After your condition improves and your heart has improved, the doctor will let you go home from the hospital, while still giving you medicine and suggesting that you return to control after the medicine wears off.
To treat peripartum cardiomyopathy that is severe or not successfully treated with medication, doctors can perform several other treatment steps, such as installing a breathing apparatus to surgery, such as heart transplantation.
Prevention of Peripartum Cardiomyopathy
Women who have had peripartum cardiomyopathy are at risk for it again in their next pregnancy. If the disease occurs a second time, the peripartum cardiomyopathy may get worse.

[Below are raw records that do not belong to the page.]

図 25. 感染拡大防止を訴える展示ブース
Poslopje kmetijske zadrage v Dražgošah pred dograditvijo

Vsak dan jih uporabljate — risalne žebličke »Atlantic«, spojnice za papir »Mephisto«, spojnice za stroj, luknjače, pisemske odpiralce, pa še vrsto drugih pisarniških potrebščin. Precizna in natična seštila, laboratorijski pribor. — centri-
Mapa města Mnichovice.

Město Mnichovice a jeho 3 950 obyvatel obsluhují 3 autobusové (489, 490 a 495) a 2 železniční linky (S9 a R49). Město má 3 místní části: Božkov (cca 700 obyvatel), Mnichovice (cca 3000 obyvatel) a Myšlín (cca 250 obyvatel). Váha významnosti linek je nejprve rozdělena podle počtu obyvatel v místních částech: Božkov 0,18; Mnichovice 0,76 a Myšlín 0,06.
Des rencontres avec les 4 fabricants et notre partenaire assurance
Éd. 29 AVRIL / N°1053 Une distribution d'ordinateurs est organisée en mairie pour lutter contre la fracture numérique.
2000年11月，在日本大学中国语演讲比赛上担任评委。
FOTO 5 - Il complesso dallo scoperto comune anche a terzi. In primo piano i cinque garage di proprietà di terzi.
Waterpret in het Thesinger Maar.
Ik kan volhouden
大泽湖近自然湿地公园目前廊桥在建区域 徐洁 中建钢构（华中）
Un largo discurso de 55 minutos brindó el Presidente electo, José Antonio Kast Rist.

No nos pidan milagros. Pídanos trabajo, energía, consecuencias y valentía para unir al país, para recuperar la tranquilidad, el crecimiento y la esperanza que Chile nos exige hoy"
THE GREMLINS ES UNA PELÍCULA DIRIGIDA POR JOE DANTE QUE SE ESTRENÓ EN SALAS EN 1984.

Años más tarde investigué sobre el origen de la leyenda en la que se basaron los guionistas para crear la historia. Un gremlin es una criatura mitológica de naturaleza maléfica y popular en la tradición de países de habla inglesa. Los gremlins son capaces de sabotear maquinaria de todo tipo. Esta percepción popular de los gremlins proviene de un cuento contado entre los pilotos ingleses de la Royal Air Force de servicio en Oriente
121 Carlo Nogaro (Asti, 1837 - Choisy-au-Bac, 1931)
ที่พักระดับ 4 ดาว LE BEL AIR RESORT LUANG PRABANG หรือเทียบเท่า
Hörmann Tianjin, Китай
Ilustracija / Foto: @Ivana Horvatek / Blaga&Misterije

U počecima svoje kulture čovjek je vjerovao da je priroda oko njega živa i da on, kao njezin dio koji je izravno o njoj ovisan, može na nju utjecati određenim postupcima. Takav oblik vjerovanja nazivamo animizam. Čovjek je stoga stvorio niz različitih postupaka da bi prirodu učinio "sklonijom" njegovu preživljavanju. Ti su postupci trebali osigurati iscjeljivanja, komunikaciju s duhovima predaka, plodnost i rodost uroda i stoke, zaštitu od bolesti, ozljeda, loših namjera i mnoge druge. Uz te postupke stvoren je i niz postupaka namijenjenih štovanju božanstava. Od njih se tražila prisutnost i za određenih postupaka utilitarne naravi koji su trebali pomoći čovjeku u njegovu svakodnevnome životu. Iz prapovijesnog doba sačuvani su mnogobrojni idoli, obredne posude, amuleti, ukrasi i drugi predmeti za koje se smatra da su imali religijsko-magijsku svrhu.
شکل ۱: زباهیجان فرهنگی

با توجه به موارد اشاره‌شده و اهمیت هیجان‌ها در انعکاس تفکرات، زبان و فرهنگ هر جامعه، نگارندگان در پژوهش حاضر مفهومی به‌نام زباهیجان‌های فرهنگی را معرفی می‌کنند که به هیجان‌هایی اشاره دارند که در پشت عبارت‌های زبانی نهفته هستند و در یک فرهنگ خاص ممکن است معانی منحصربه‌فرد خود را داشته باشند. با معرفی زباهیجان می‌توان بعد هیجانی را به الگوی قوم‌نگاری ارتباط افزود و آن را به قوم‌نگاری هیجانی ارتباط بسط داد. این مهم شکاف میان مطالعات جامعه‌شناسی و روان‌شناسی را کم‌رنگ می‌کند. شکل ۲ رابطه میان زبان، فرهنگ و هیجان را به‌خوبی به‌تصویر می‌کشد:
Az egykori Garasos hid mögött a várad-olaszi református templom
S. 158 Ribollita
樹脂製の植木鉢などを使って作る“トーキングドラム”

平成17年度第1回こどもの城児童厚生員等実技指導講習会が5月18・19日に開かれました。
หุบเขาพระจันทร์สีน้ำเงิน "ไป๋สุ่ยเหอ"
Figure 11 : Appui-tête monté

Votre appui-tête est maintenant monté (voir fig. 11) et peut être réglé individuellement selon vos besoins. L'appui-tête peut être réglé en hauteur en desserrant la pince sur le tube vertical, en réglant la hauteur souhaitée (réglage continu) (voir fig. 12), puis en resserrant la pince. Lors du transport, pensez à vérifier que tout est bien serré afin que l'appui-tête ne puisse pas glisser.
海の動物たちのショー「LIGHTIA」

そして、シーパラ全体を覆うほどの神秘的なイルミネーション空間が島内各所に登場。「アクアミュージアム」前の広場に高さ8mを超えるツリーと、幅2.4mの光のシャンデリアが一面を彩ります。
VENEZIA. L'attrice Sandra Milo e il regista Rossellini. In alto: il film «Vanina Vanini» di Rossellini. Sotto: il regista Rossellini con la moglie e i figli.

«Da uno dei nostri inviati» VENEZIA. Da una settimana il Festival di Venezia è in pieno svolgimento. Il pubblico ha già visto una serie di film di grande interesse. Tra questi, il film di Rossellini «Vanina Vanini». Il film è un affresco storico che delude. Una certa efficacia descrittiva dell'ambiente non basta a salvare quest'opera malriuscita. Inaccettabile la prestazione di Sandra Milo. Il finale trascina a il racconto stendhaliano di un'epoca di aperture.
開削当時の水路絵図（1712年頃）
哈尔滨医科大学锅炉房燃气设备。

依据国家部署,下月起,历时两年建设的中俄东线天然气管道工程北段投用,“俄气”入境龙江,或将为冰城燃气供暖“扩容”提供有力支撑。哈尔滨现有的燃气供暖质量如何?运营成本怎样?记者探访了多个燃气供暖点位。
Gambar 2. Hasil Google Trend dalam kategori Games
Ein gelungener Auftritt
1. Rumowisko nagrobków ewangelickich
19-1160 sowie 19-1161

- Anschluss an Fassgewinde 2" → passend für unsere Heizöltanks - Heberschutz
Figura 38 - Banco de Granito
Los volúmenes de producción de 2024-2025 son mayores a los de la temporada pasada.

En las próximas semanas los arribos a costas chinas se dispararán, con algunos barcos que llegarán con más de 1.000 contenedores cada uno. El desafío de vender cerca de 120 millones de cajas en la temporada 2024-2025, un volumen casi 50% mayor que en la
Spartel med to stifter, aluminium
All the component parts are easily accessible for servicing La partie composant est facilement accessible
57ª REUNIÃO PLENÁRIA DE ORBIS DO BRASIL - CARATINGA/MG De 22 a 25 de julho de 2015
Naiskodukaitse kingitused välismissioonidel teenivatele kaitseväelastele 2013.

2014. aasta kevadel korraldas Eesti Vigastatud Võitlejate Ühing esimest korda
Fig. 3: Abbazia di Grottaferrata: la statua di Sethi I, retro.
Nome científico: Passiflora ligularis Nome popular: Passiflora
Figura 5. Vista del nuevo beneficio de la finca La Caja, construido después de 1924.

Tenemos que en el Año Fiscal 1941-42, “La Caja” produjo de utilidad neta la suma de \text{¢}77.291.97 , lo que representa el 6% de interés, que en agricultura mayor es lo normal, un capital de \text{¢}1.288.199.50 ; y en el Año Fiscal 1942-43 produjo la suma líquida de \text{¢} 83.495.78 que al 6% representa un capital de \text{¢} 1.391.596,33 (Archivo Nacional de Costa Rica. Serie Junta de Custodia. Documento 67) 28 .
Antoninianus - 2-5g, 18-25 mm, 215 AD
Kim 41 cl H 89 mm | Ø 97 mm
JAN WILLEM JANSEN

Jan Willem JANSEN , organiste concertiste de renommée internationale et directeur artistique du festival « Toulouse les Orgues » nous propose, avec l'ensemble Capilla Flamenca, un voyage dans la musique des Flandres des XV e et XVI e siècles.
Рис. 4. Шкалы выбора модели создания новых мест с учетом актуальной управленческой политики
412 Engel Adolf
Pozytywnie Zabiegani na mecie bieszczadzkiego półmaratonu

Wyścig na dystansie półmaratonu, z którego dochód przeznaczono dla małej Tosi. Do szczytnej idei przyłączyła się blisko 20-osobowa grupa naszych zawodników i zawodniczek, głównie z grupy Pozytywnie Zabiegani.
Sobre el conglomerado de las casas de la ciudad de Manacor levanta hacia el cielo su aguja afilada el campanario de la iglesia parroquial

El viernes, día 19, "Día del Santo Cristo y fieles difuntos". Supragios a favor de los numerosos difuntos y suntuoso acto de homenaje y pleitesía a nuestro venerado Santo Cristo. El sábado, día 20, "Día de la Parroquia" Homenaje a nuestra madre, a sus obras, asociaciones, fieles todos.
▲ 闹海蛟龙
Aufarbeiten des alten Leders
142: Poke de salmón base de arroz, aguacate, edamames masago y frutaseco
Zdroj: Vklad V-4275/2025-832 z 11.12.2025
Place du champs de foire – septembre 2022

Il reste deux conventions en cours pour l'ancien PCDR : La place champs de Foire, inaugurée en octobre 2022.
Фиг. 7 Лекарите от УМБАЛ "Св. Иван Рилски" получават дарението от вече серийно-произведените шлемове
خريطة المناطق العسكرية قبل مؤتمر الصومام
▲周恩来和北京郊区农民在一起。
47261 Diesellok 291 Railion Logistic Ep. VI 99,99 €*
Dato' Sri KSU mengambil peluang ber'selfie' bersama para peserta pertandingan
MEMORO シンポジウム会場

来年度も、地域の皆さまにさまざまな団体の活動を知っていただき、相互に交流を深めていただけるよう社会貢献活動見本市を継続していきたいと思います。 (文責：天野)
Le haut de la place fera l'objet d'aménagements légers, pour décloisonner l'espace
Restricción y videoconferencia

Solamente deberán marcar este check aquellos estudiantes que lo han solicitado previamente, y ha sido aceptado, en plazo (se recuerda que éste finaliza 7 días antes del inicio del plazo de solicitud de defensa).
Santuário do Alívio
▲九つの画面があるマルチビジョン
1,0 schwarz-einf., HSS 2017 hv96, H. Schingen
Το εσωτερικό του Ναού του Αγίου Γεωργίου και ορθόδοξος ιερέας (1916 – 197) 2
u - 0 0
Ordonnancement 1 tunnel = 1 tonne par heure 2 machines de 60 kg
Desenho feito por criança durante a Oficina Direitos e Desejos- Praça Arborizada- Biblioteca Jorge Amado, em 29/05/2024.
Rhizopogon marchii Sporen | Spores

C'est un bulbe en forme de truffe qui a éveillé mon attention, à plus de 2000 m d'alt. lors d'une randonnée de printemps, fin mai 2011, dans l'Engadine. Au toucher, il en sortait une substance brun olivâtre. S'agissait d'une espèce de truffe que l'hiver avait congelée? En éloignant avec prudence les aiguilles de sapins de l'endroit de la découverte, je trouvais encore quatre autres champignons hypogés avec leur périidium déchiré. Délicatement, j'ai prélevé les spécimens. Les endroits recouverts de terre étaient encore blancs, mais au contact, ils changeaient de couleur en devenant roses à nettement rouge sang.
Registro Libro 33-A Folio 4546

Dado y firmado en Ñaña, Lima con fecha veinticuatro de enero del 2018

In addition, to prevent peripartum cardiomyopathy, doctors will generally advise patients to lead a he althy lifestyle, such as:
- Monitoring weight gain during pregnancy and keeping it ideal
- Consulting with obstetrician during pregnancy
- Live a he althy diet during pregnancy and limit high s alt intake
- Quit smoking, consuming alcoholic beverages, and using certain drugs
- Exercise regularly, such as taking yoga classes, pregnancy exercise, and other activities, such as relaxation and meditation to avoid stress
- Get enough rest and don't do strenuous physical activity
So that peripartum cardiomyopathy can be detected early, it is important for you to regularly check with your doctor, especially if you have risk factors for experiencing this condition, such as a history of heart problems, preeclampsia, or hypertension.